The weakest, least persuasive characterization in this book, however, is also the most important: Lenin. Figes sets this up with the statement that "[a]s a private man there was nothing much to Lenin: he gave himself entirely to politics. There was no 'private Lenin' behind the politician" (p. 389). There is only a "puritanical" ascetic with "philistine" attitudes given to intense "rages" directed at all who disagreed with him. He was monomaniacally devoted the cause of revolution and obtaining power, with a fine but, in Chernov's phrase, "unilinear mind." He also had no understanding of the Russian people, having lived abroad for most of the previous two decades; Figes's views of Lenin are encapsulated in a passage in which he quotes his favorite character in the morality play of revolution: "According to Gorky, it was this ignorance of everyday work, and the human suffering which it entailed, which had bred in Lenin a 'pitiless contempt, worthy of a nobleman, for the lives of the ordinary people...Life in all its complexity is unknown to Lenin. He does not know the ordinary people. He has never lived among them'" (p. 386).
How then to explain his ability, more than any other politician, to gauge, in his April Theses, which platform the common people would most likely embrace? How does a man with a unilinear mind dance so deftly between October and Brest-Litovsk, between prodrazverstka and NEP? Why does this Savonarola of the left tolerate a Gorky in his midst for so long? How can a man whose only drive was for power find time during war and revolution for a fling with Inessa Armand?

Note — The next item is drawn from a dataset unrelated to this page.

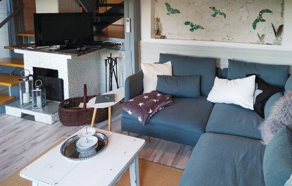 Du kommer inn i huset gjennom en liten gang med god plass til jakker, sko og hundetilbehør. Her finner du også utendørsspill og puter. Du fortsetter inn i den koselige stue-/spisestuen. Spiseplassen har plass til 6 personer - en eksisterende barnestol kan enkelt settes til. I den kjærlig innredede stuen sørger en stor, koselig hjørnesofa for den nødvendige avslapningen. En peis og klimaanlegg sørger for riktig temperatur til enhver tid. SAT-TV, W-LAN, musikk, bøker og brettspill sørger for underholdning.

There is no room for ambiguity in Figes's Lenin, but ambiguity there is. Figes himself recognizes that the "idea that the Bolshevik Party in 1917 was a monolithic organization tightly controlled by Lenin is a myth--a myth which used to be propagated by the Soviet establishment, and one which is still believed (for quite different motives) by right-wing historians in the West." Lenin was often in the minority, and "if in the end he always got his way, it was not just due to his domination of the party but also to his many political skills, including persuasion, tactful retreat and compromise, threats of resignation and ultimatums, demagogy and appeals to the rank and file" (pp. 392-93). But these skills do not seem to fit in with the Lenin we are given elsewhere: how can a monomaniac compromise so well, or a man separate from the people so often successfully appeal to the rank and file?

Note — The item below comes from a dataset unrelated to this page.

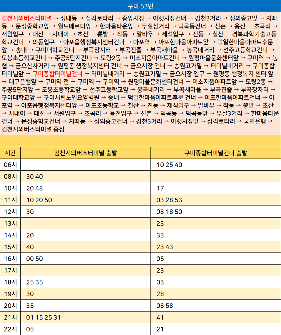 구미 53번: 김천시외버스터미널 → 성내동 → 삼각로타리 → 중앙시장 → 아랫시장건너 → 감천3거리 → 성의중고앞 → 지좌동 → 문성중학교앞 → 월드메르디앙 → 한마음타운앞 → 무실삼거리 → 덕곡동건너 → 신촌 → 용전 → 초곡리 → 서원입구 → 대신 → 시내이 → 초산 → 뽕밭 → 작동 → 말바우 → 제석입구 → 진등 → 칠산 → 경북과학기술고등학교건너 → 의동입구 → 아포읍행정복지센터건너 → 아포역 → 아포한마음아파트앞 → 덕일한마음아파트후문 앞 → 송내 → 구미대학교건너 → 부곡장지터 → 부곡진줄 → 부곡새마을 → 봉곡네거리 → 선주고등학교건너 → 도봉초등학교건너 → 주공5단지건너 → 도량2동 → 미소지움아파트건너 → 원평마을문화센터앞 → 구미역 → 농협 → 금오산사거리 → 원평동 행정복지센터 건너 → 금오시장 건너 → 송원고가밑 → 터미널네거리 → 구미종합터미널앞 → 구미종합터미널건너 → 터미널네거리 → 송원고가밑 → 금오시장 입구 → 원평동 행정복지 센터 앞 → 대구은행앞 → 구미역 전 → 구미역 → 구미역 → 원평마을문화센터건너 → 미소지움아파트앞 → 도량2동 → 주공5단지앞 → 도봉초등학교앞 → 선주고등학교앞 → 봉곡네거리 → 부곡새마을 → 부곡진줄 → 부곡장자터 → 구미대학교앞 → 구미시립노인요양병원 → 송내 → 덕일한마음아파트후문 건너 → 아포한마음아파트건너 → 아포역 → 아포읍행정복지센터앞 → 아포초등학교 → 칠산 → 진등 → 제석입구 → 말바우 → 작동 → 뽕밭 → 초산 → 시내이 → 대신 → 서원입구 → 초곡리 → 용전입구 → 신촌 → 덕곡동 → 덕곡동앞 → 무실3거리 → 한마음타운건너 → 문성중학교건너 → 지좌동 → 성의중고건너 → 감천3거리 → 아랫시장앞 → 삼각로타리 → 국민은행 → 김천시외버스터미널 종점

It is testimony to Figes's achievement in this book that the lack of dimension to the most important person in it is so jarring. It is as if an Ian Fleming villain had walked in and taken over a John Le Carre novel, a black-and-white stick figure dominating a historical canvas otherwise marked by breathtaking chiaroscuro. Figes is correct to reject the monolithic party of Soviet myth, taken whole into Western historiography, with the moral valuation changed from good to evil, at a time when we had few other sources. He has not, however, overcome the simplistic portrait of the revolution's leader, taken from the same sources with the same toggling of moral assessment, from hero to demon; it remains just as iconic a representation, lacking depth and perspective. As a result, the last half of this book is permeated with a disconcerting and unresolved tension between what Figes the historian sees, and what Figes the moralist feels.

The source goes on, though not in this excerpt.